Instructions for the task ::
In your copy, reproduce the entries exactly as they are, minus the images.
++++++
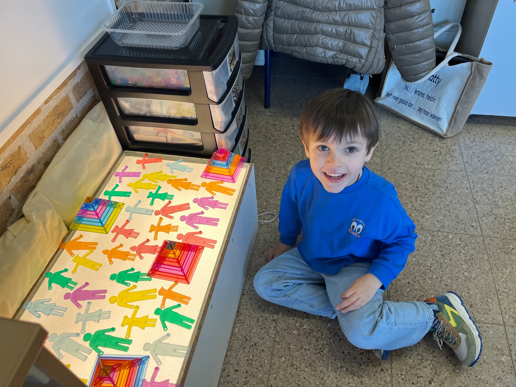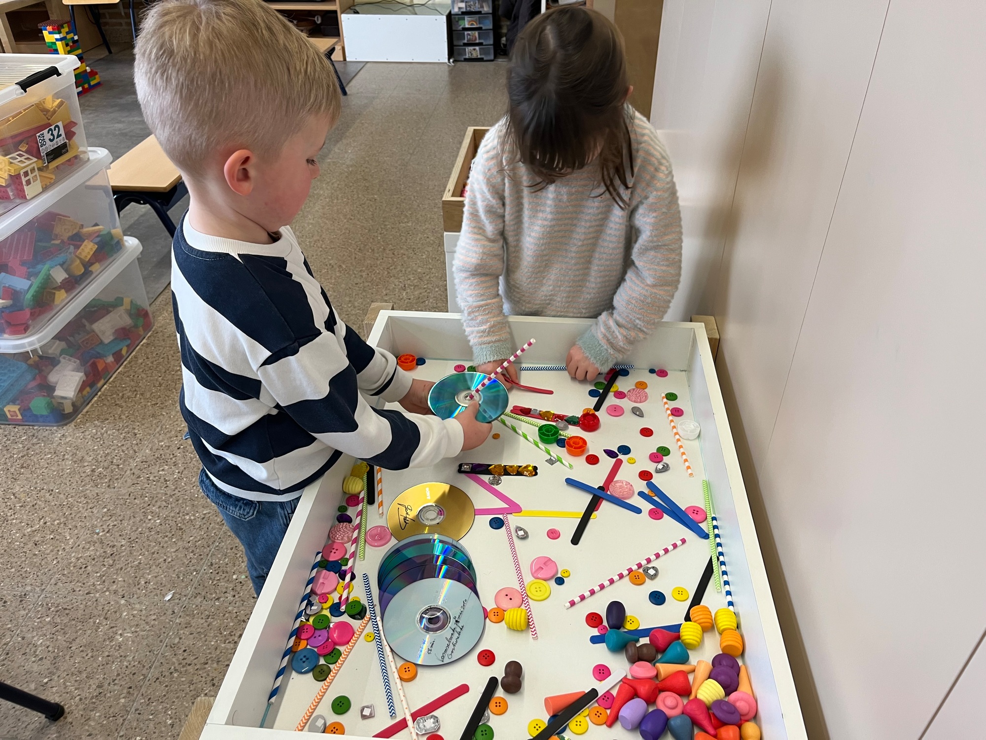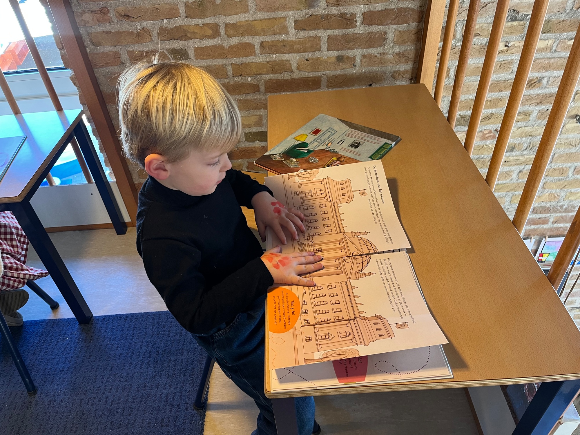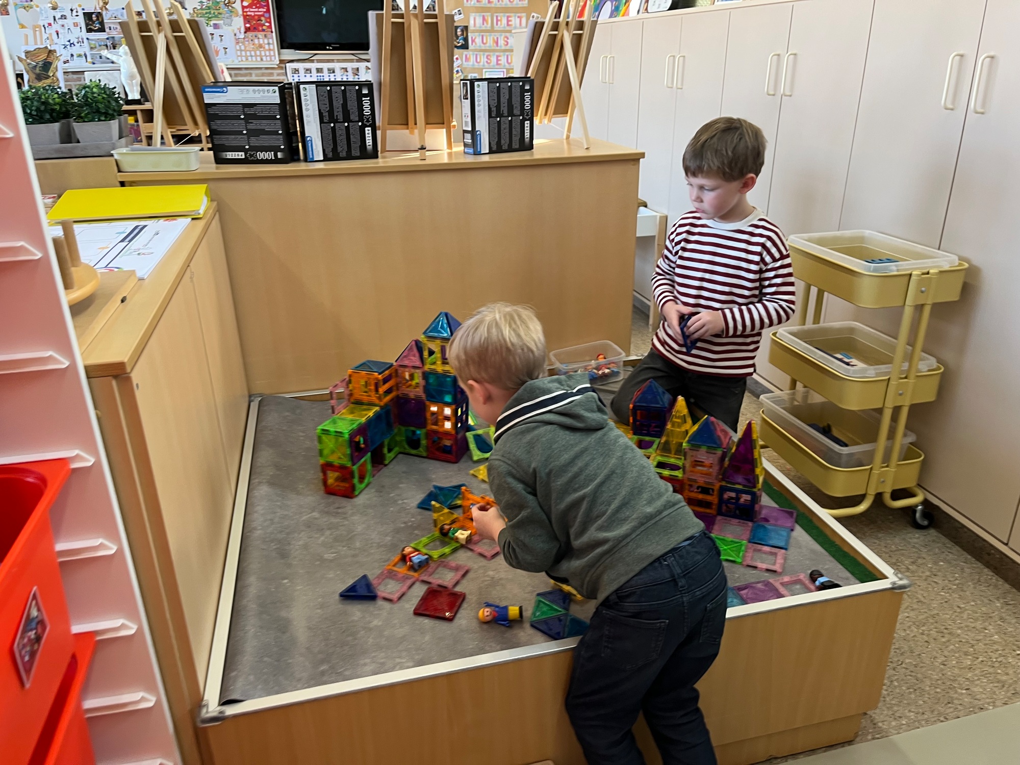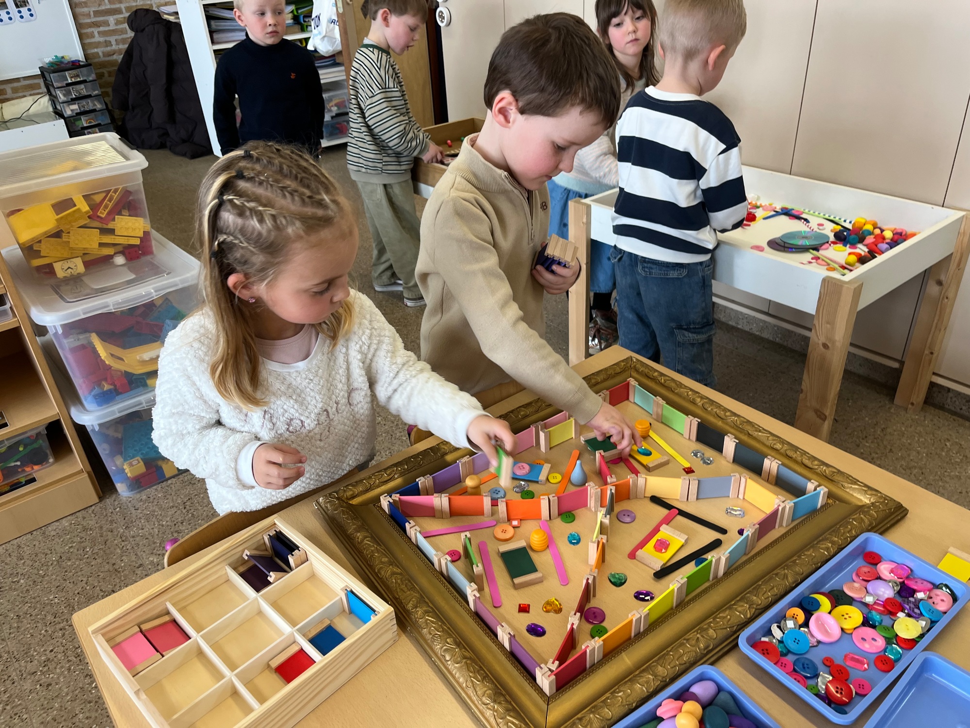 Kunstwerken maken met loose parts, museums bouwen met de magneten, kijken inboeken en vertellen aan elkaar in de boekenhoek
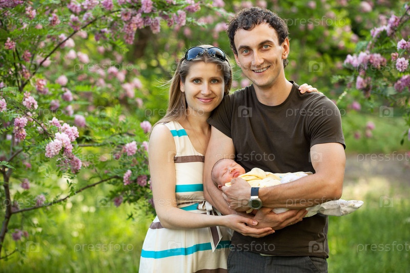 Молодая пара с новорожденным сыном на открытом воздухе весной
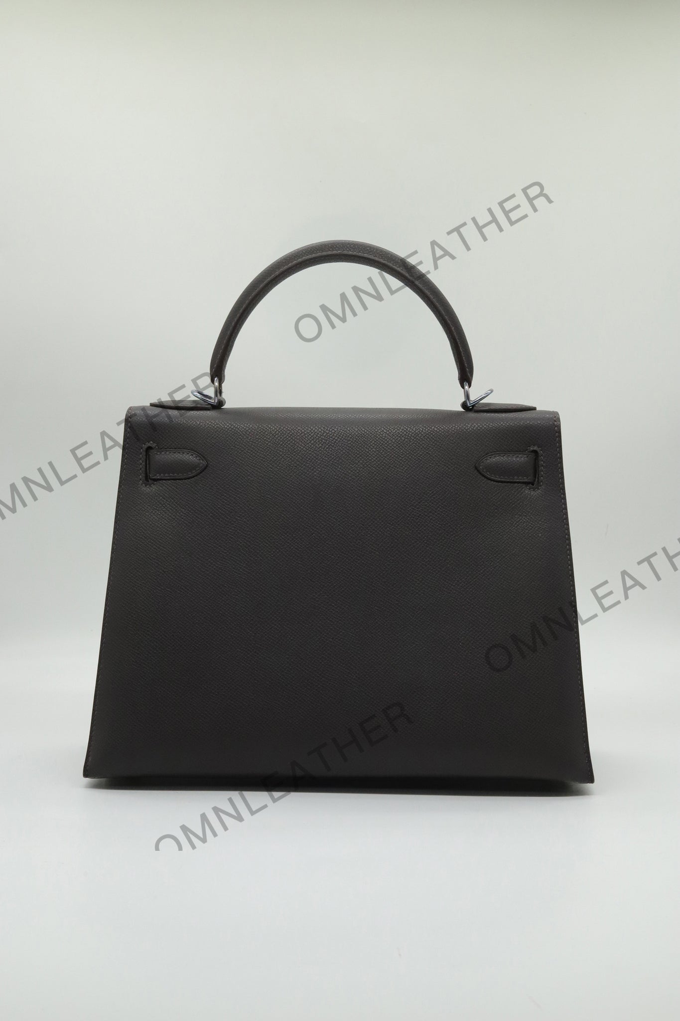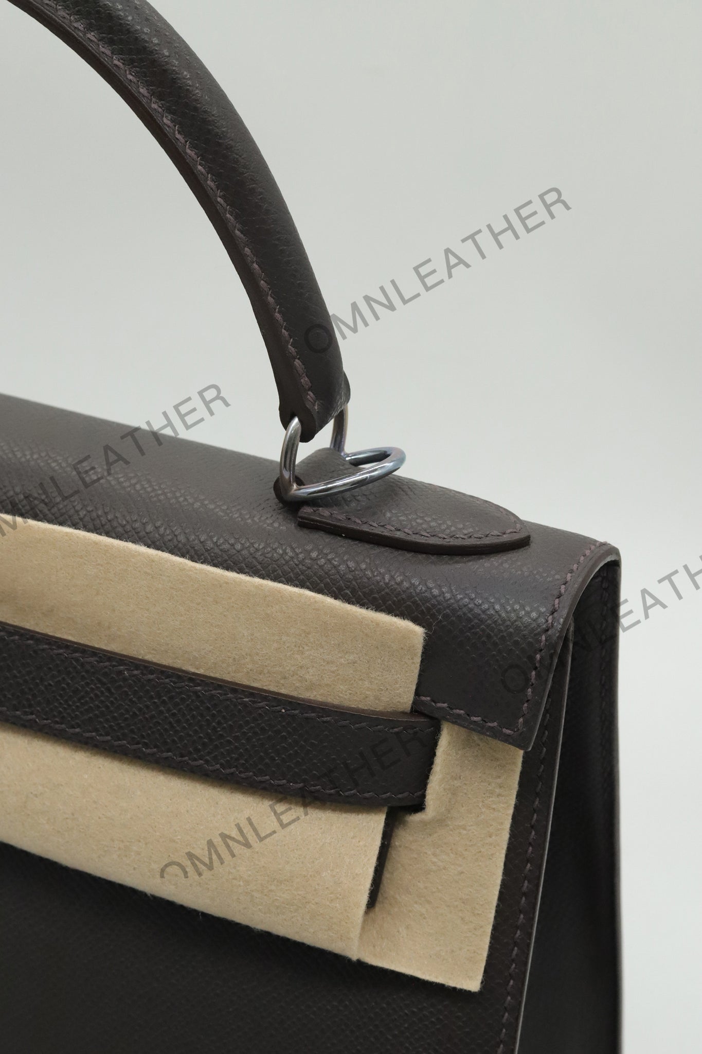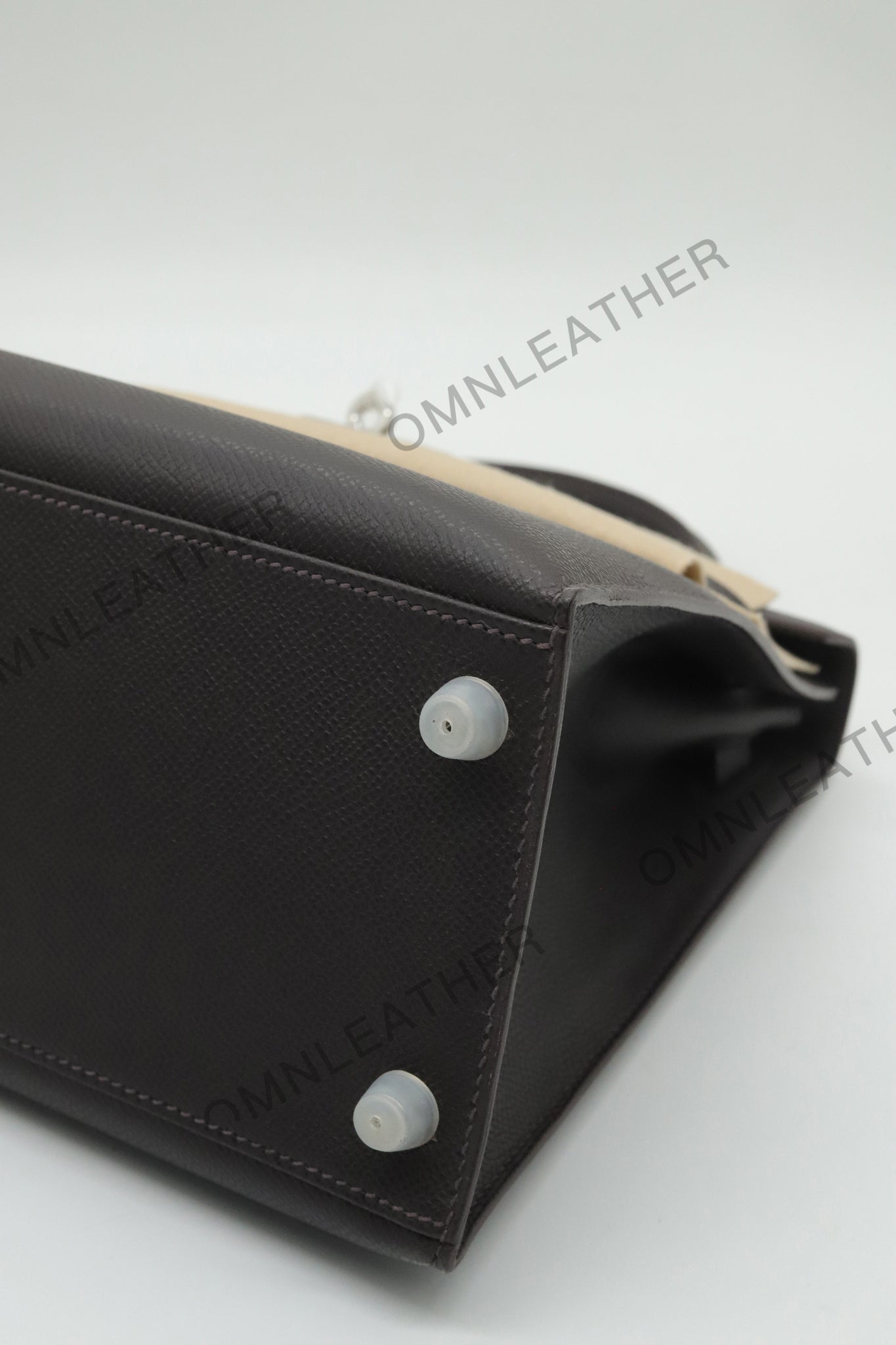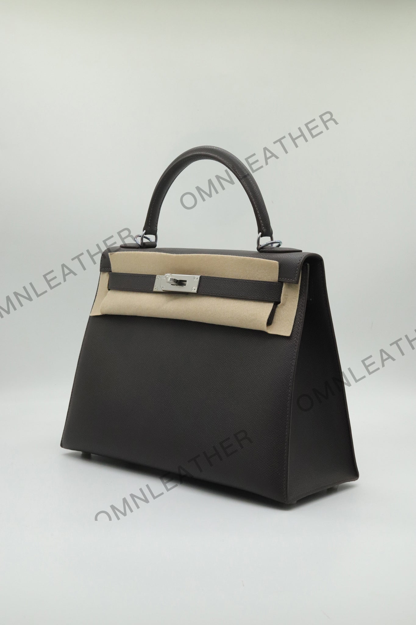 Verona 28 Kelly Style Fully Handmade Epsom Leather Ebony Color Silver Hardware
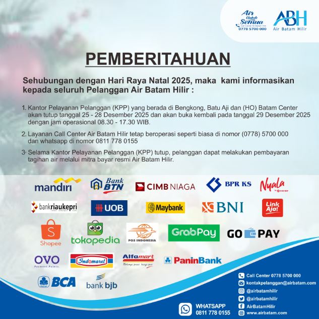 Dailykepri.com | Batam –Air Batam Hilir menginformasikan bahwa Kantor Pelayanan Pelanggan (KPP) di Bengkong, Batu Aji, dan HO Batam Center akan tutup pada 25–28 Desember 2025 dan kembali beroperasi pada 29 Desember 2025, sementara layanan Call Center dan WhatsApp tetap aktif untuk melayani pelanggan. Call Center dapat dihubungi di (0778) 5700 000 dan layanan WhatsApp di 0811 778 0155.
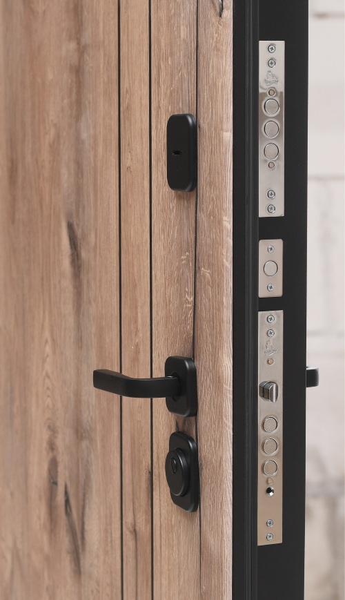Комплектация: дверной глазок, ночная задвижка, фурнитура черная прямоугольная 17 серия, декоративные накладки с защитой от продувания, порог из нержавеющей стали, комплект ключей.
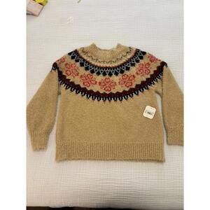 Cozy tan sweater featuring a colorful patterned yoke design in red, black, and white. Soft, fuzzy texture ideal for cooler weather. Crew neckline and long sleeves with ribbed cuffs and hem for a snug fit. New with original tags attached.
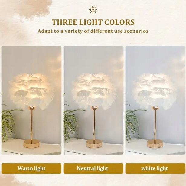 ✅ Rodzaj produktu: lampa stołowa z kloszem z szarych piór
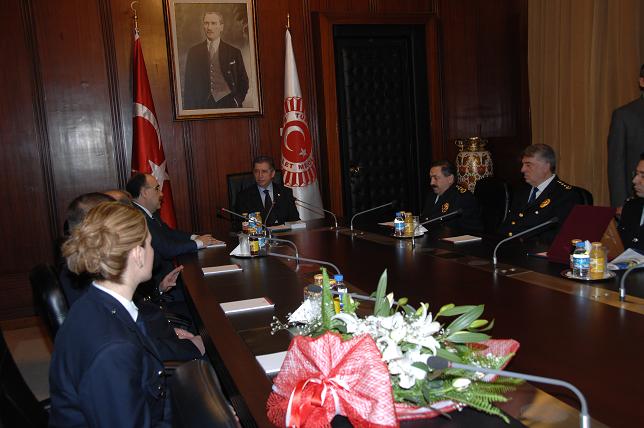 İçişleri Bakanı Beşir Atalay, Emniyet Genel Müdürü Oğuz Kağan Köksal ve beraberlerindeki emniyet mensuplarından oluşan heyet, Polis Teşkilatının Kuruluşunun 163. yıldönümü dolayısıyla TBMM Başkanı Köksal Toptan'a ziyarette bulundu.
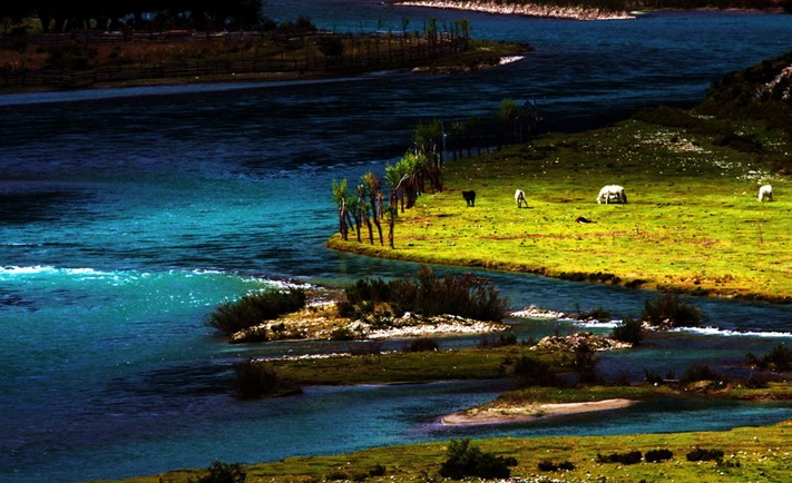 尼洋河在源頭是一條細流,它奔流向前,越流越急。它要沖破各種阻力和障礙,不急不行。到了中游以下,河面已越流越寬,水流也漸漸平緩了下來。這時的尼洋河已漸入佳境,河水中,可以看到對岸青山綠樹的清晰倒影了。天上的白云也到尼洋河里來游蕩,它們在河里弄濕了衣衫,一件一件都掛到天上去晾曬。這時想到一個詞:行云流水。這是一種難以言語的美妙境界,創(chuàng)造這個美妙詞匯的人,當他獲得靈感的那一刻,我想他的心靈肯定已和大自然的美景融為一體了。
++++++
Result ::
 Kunstwerken maken met loose parts, museums bouwen met de magneten, kijken inboeken en vertellen aan elkaar in de boekenhoek
 Молодая пара с новорожденным сыном на открытом воздухе весной
 Verona 28 Kelly Style Fully Handmade Epsom Leather Ebony Color Silver Hardware
 Dailykepri.com | Batam –Air Batam Hilir menginformasikan bahwa Kantor Pelayanan Pelanggan (KPP) di Bengkong, Batu Aji, dan HO Batam Center akan tutup pada 25–28 Desember 2025 dan kembali beroperasi pada 29 Desember 2025, sementara layanan Call Center dan WhatsApp tetap aktif untuk melayani pelanggan. Call Center dapat dihubungi di (0778) 5700 000 dan layanan WhatsApp di 0811 778 0155.
Комплектация: дверной глазок, ночная задвижка, фурнитура черная прямоугольная 17 серия, декоративные накладки с защитой от продувания, порог из нержавеющей стали, комплект ключей.
 Cozy tan sweater featuring a colorful patterned yoke design in red, black, and white. Soft, fuzzy texture ideal for cooler weather. Crew neckline and long sleeves with ribbed cuffs and hem for a snug fit. New with original tags attached.
 ✅ Rodzaj produktu: lampa stołowa z kloszem z szarych piór
 İçişleri Bakanı Beşir Atalay, Emniyet Genel Müdürü Oğuz Kağan Köksal ve beraberlerindeki emniyet mensuplarından oluşan heyet, Polis Teşkilatının Kuruluşunun 163. yıldönümü dolayısıyla TBMM Başkanı Köksal Toptan'a ziyarette bulundu.
 尼洋河在源頭是一條細流,它奔流向前,越流越急。它要沖破各種阻力和障礙,不急不行。到了中游以下,河面已越流越寬,水流也漸漸平緩了下來。這時的尼洋河已漸入佳境,河水中,可以看到對岸青山綠樹的清晰倒影了。天上的白云也到尼洋河里來游蕩,它們在河里弄濕了衣衫,一件一件都掛到天上去晾曬。這時想到一個詞:行云流水。這是一種難以言語的美妙境界,創(chuàng)造這個美妙詞匯的人,當他獲得靈感的那一刻,我想他的心靈肯定已和大自然的美景融為一體了。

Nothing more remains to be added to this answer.